How to complete this task —
In the material below, begin at the line that has "room being renovated.", stop after the line that has "Transparent DesignThe first", and transcribe those lines exactly, without pictures.

Data for analysis —

■ ■ ■ ■ ■

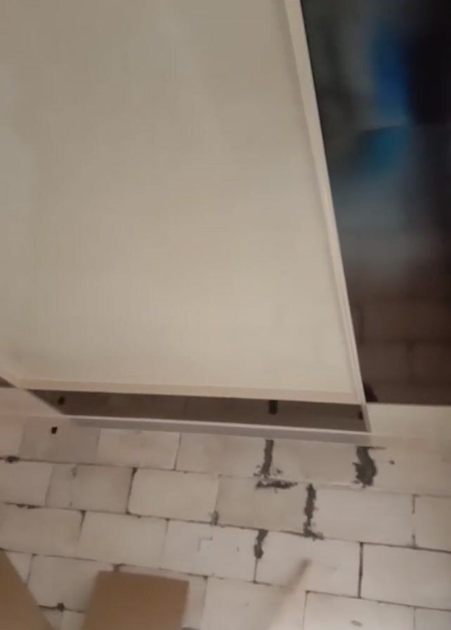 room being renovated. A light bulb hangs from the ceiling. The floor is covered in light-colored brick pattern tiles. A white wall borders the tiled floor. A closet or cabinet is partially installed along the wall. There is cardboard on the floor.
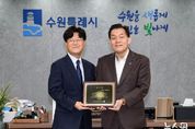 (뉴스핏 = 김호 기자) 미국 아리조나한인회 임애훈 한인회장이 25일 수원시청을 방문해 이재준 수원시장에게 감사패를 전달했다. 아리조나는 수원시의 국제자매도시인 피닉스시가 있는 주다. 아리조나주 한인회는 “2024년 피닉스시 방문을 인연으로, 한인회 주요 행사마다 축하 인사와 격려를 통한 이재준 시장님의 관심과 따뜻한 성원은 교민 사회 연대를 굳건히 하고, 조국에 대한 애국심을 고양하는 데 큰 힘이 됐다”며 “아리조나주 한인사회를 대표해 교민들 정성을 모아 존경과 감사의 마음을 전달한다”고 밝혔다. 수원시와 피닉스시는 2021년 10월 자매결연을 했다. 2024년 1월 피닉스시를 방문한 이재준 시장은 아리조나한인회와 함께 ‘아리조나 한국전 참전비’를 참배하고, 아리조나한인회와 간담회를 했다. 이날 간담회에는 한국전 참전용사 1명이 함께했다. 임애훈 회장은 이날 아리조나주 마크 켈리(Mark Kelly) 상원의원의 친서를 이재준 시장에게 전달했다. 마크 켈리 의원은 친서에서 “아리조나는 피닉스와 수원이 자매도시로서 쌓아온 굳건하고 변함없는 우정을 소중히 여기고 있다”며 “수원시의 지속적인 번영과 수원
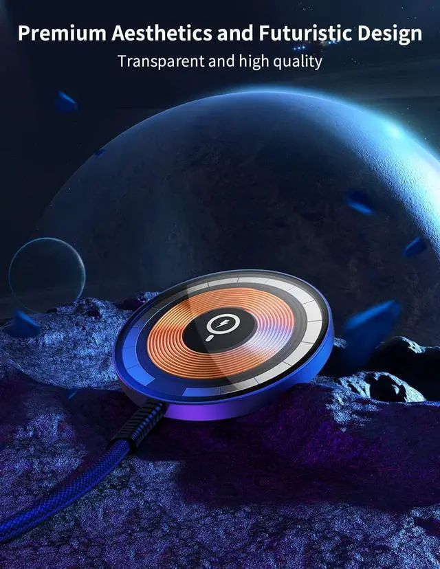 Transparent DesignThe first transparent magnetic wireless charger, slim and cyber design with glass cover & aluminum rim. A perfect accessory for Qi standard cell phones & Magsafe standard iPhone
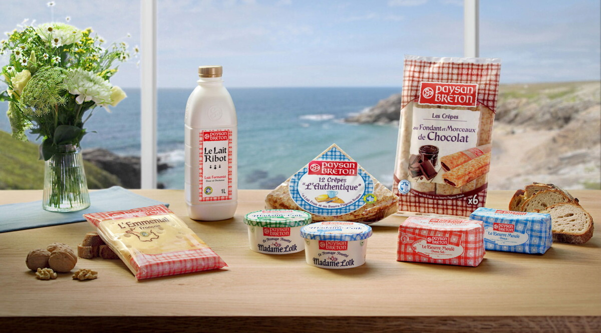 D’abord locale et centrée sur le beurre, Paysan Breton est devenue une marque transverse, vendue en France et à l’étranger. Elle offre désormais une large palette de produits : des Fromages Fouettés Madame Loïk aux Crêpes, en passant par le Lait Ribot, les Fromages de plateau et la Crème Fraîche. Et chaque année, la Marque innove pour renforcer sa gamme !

■ ■ ■ ■ ■

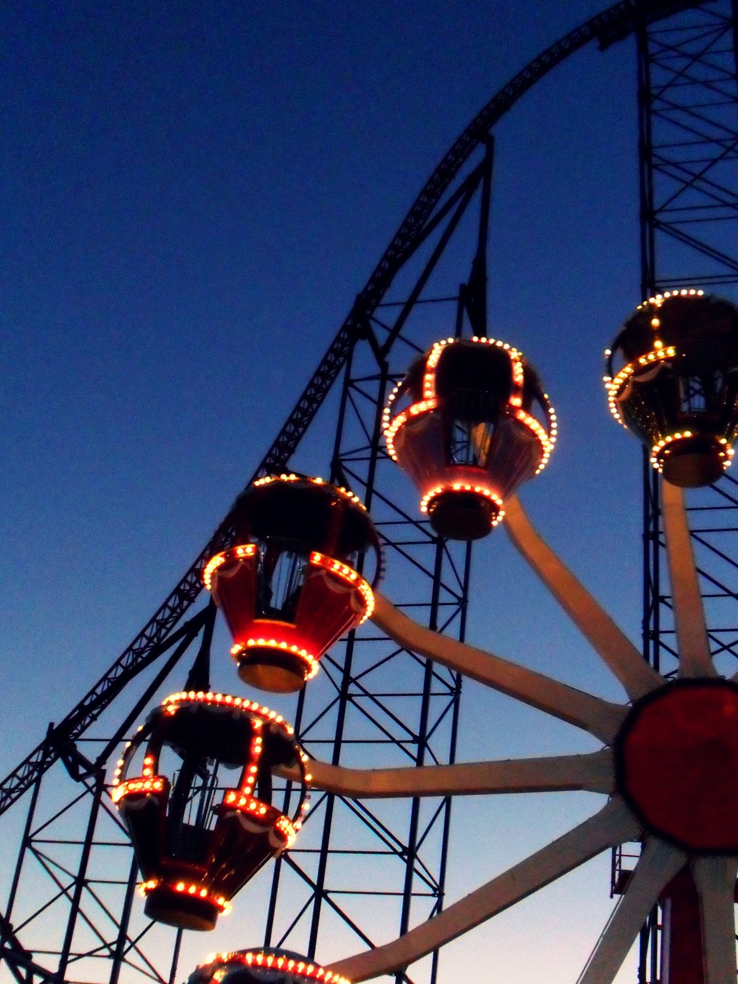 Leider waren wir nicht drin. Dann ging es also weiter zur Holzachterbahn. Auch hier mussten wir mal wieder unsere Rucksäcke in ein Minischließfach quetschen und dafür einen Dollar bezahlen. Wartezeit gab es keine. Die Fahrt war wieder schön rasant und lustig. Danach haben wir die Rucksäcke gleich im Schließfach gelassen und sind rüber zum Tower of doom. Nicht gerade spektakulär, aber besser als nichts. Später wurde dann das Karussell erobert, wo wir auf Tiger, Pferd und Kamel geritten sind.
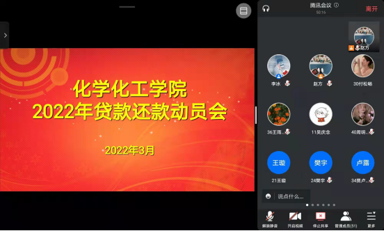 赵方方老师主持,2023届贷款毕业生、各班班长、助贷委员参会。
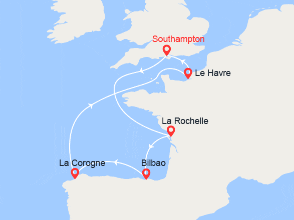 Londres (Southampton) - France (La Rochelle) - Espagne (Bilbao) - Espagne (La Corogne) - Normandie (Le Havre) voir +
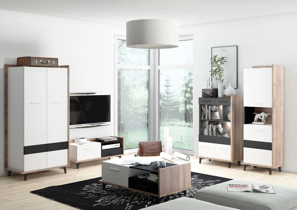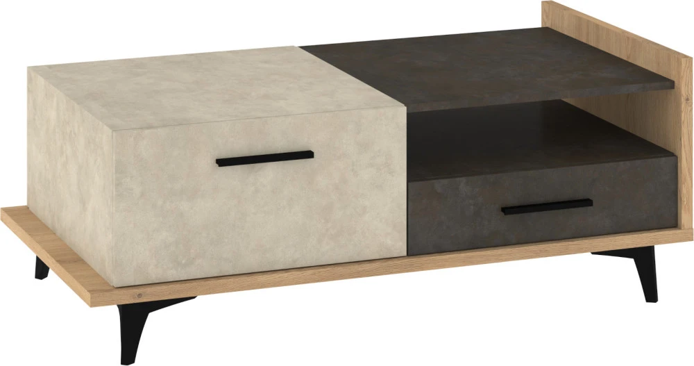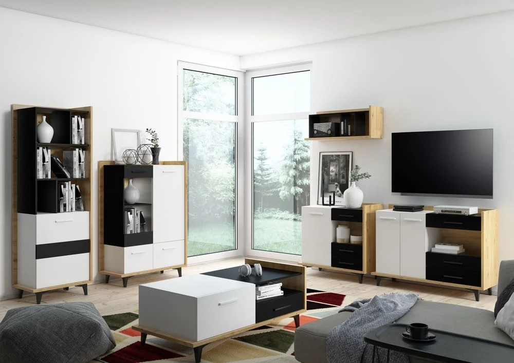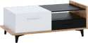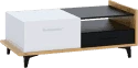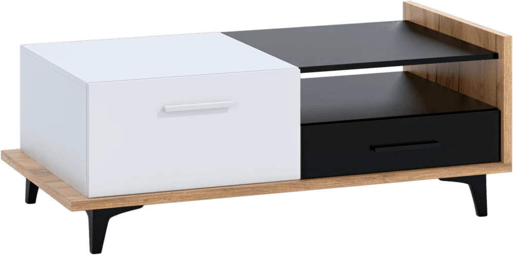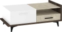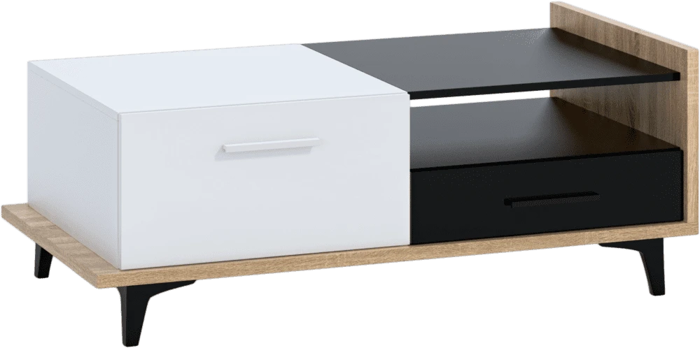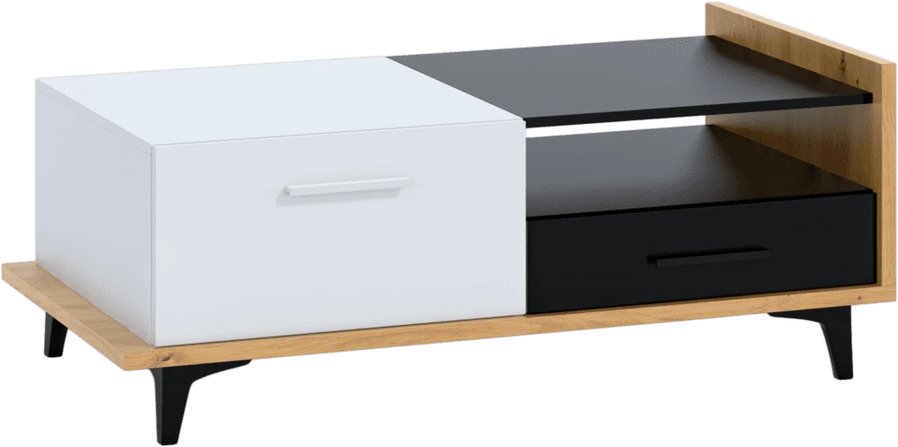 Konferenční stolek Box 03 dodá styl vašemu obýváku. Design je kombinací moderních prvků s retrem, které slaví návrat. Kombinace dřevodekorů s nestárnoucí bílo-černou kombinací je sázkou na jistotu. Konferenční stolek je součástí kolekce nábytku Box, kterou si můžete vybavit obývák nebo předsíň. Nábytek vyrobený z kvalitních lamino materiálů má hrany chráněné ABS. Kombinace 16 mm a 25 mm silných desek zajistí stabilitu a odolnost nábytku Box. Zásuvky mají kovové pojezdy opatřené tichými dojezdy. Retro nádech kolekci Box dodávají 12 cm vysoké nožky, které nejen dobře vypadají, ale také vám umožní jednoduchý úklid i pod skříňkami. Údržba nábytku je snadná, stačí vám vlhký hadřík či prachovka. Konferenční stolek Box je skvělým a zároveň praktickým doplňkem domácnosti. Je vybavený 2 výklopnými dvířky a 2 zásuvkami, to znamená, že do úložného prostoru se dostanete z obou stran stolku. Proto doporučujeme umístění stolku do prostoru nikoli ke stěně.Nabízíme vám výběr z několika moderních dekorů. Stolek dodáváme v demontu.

■ ■ ■ ■ ■

Result of this exercise —
 room being renovated. A light bulb hangs from the ceiling. The floor is covered in light-colored brick pattern tiles. A white wall borders the tiled floor. A closet or cabinet is partially installed along the wall. There is cardboard on the floor.
 (뉴스핏 = 김호 기자) 미국 아리조나한인회 임애훈 한인회장이 25일 수원시청을 방문해 이재준 수원시장에게 감사패를 전달했다. 아리조나는 수원시의 국제자매도시인 피닉스시가 있는 주다. 아리조나주 한인회는 “2024년 피닉스시 방문을 인연으로, 한인회 주요 행사마다 축하 인사와 격려를 통한 이재준 시장님의 관심과 따뜻한 성원은 교민 사회 연대를 굳건히 하고, 조국에 대한 애국심을 고양하는 데 큰 힘이 됐다”며 “아리조나주 한인사회를 대표해 교민들 정성을 모아 존경과 감사의 마음을 전달한다”고 밝혔다. 수원시와 피닉스시는 2021년 10월 자매결연을 했다. 2024년 1월 피닉스시를 방문한 이재준 시장은 아리조나한인회와 함께 ‘아리조나 한국전 참전비’를 참배하고, 아리조나한인회와 간담회를 했다. 이날 간담회에는 한국전 참전용사 1명이 함께했다. 임애훈 회장은 이날 아리조나주 마크 켈리(Mark Kelly) 상원의원의 친서를 이재준 시장에게 전달했다. 마크 켈리 의원은 친서에서 “아리조나는 피닉스와 수원이 자매도시로서 쌓아온 굳건하고 변함없는 우정을 소중히 여기고 있다”며 “수원시의 지속적인 번영과 수원
 Transparent DesignThe first transparent magnetic wireless charger, slim and cyber design with glass cover & aluminum rim. A perfect accessory for Qi standard cell phones & Magsafe standard iPhone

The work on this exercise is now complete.